This vignette demonstrates how to use the ffaframework
package to perform flood frequency analysis (model selection, parameter
estimation, uncertainty quantification, and model performance
assessment) under the assumption of stationarity.
The results are expressed in terms of return periods and return levels. The return period of a flood is the expected number of years between annual maximum events of equal or greater magnitude while the return level is the magnitude of the annual maximum event, measured in \(\text{m}^3/\text{s}\).
Case Study
This vignette will explore data from the Athabasca River at Athabasca
(07BE001), an unregulated hydrological monitoring station. A statistical
analysis of the data from this station does not reveal any evidence of
trends in the mean or variability of the data. Data for this station is
provided as CAN-07BE001.csv
in the
ffaframework
package.
library(ffaframework)
df <- data_local("CAN-07BE001.csv")
head(df)
#> year max
#> 1 1913 1670
#> 2 1914 3090
#> 3 1915 2760
#> 4 1916 2080
#> 5 1917 2490
#> 6 1918 1470
plot_ams_data(df$max, df$year, title = "Athabasca River at Athabasca (07BE001)")
Distribution Selection
First, a suitable probability distribution for the data is selected using the L-moments.
-
select_ldistance
chooses the distribution with theoretical L-skewness (\(\tau_3\)) and L-kurtosis (\(\tau_4\)) closest to the sample, based on Euclidean distance. -
select_lkurtosis
selects the distribution with the smallest difference between sample and theoretical L-kurtosis (for three-parameter distributions only). -
select_zstatistic
uses a fitted 4-parameter Kappa distribution to estimate the sampling distribution of the L-kurtosis and selects the distribution with the smallest z-statistic.

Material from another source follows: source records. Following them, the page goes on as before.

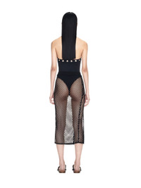 This beach cover-up is constructed from 100% cotton mesh and features logo bands down to the hem of the mid-length skirt. Made in Italy. MATERIALS 100% Cotton FITTING Model Gao Qi wears size 40 Height: 5’ 10" (179 cm) Waist: 24” (59 cm) Hips: 35” (88 cm)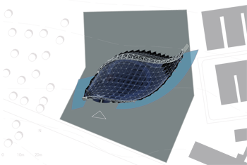 Wir haben eine spezielle Gitterschale mit besonderen Eigenschaften vorgeschlagen, mit einer großen Öffnung zur Landschaft im Hintergrund sowie einem Schnitt für die Eingangssituation. Diese können zusätzlich zur natürlichen Lüftung herangezogen werden.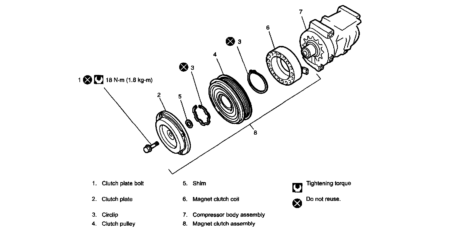 Never disassemble compressor body assembly. Performing any of these prohibited services will affect original performance of A/C system.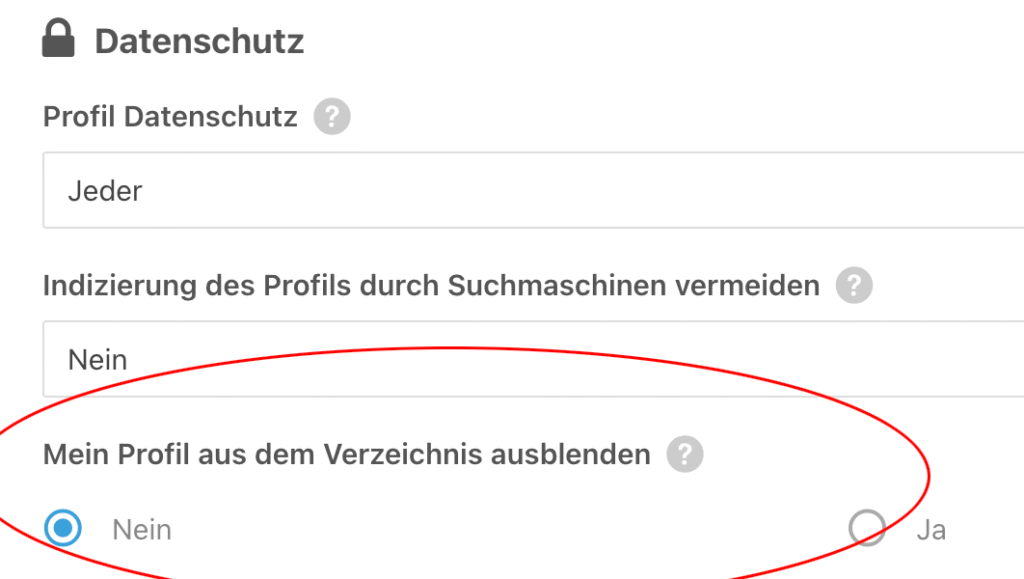 Bei der Postion “Mein Profil aus dem Verzeichnis ausblenden” Nein auswählen und unten mit “Datenschutz aktualisieren” bestätigen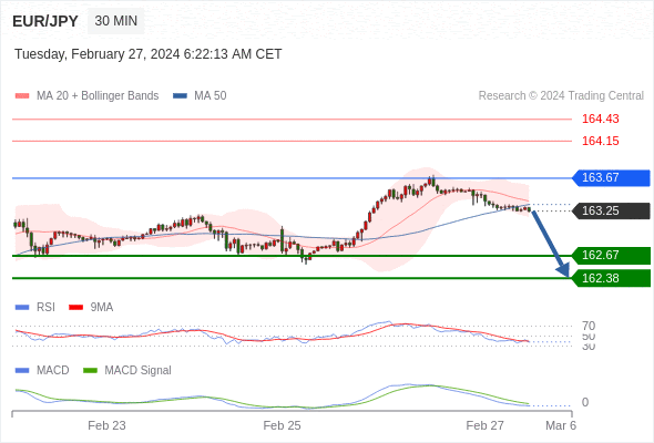 欧元/日元 当日内: 看跌,在 163.67 之下。

selection <- select_ldistance(df$max)
print(selection$recommendation)
#> [1] "GEV"
plot_lmom_diagram(selection)
Recommendation: Use the generalized extreme value (GEV) distribution.
Note: For information about the other distributions,
see the selection$metrics
item.
You can find more information about the probability distributions supported by the framework here.
Parameter Estimation
The ffaframework
package provides three methods for
parameter estimation. See here
for more information.
-
fit_lmoments
: L-moments parameter estimation. -
fit_mle
: Maximum likelihood parameter estimation. -
fit_gmle
: Generalized maximum likelihood parameter estimation.
fit <- fit_lmoments(df$max, "GEV")
print(fit$params)
#> [1] 1600.219872 616.666030 0.120747
plot_sffa_fit(fit)
Conclusion: The GEV distribution with
location = 1600
, scale = 616
, and
shape = 0.12
will be used.
Uncertainty Quantification
Once a probability distribution is fitted, return levels (design
events) can be readily estimated. However, point estimates alone can be
misleading –it is more informative to report confidence intervals to
reflect estimation uncertainty. The uncertainty_bootstrap
function performs uncertainty quantification using the parametric
bootstrap method. It requires three arguments:
-
data
: A vector of annual maximum series data. -
model
: A three-letter code for a probability distribution (ex."GEV"
). -
method
: A parameter estimation method. Must be"L-moments"
,"MLE"
, or"GMLE"
.
By default, return levels are computed 2-, 5-, 10-, 20-, 50-, and 100- year return periods.
uncertainty <- uncertainty_bootstrap(df$max, "GEV", "L-moments")
plot_sffa_estimates(fit, ci = uncertainty$ci)
Example Conclusion: Every 10 years, we can expect a flood of roughly \(3{\small,}200\text{m}^3/\text{s}\) or greater.
Model Assessment
Model performance is assessed using model_assessment
,
which reports a collection of assessment statistics about the flood
frequency analysis. plot_sffa_assessment
compares the data
(the “empirical quantiles”) and the predictions of the parametric model
at the plotting positions (the “theoretical quantiles”). The black line
represents a perfect 1:1 correspondence between the model and the
data.
assessment <- model_assessment(df$max, "GEV", "L-moments")
plot_sffa_assessment(assessment)
Conclusion: The parametric model generally matches the plotting positions. The model slightly underestimates the data from \(3{\small,}500\text{m}^3/\text{s}\) to \(5{\small,}000\text{m}^3/\text{s}\).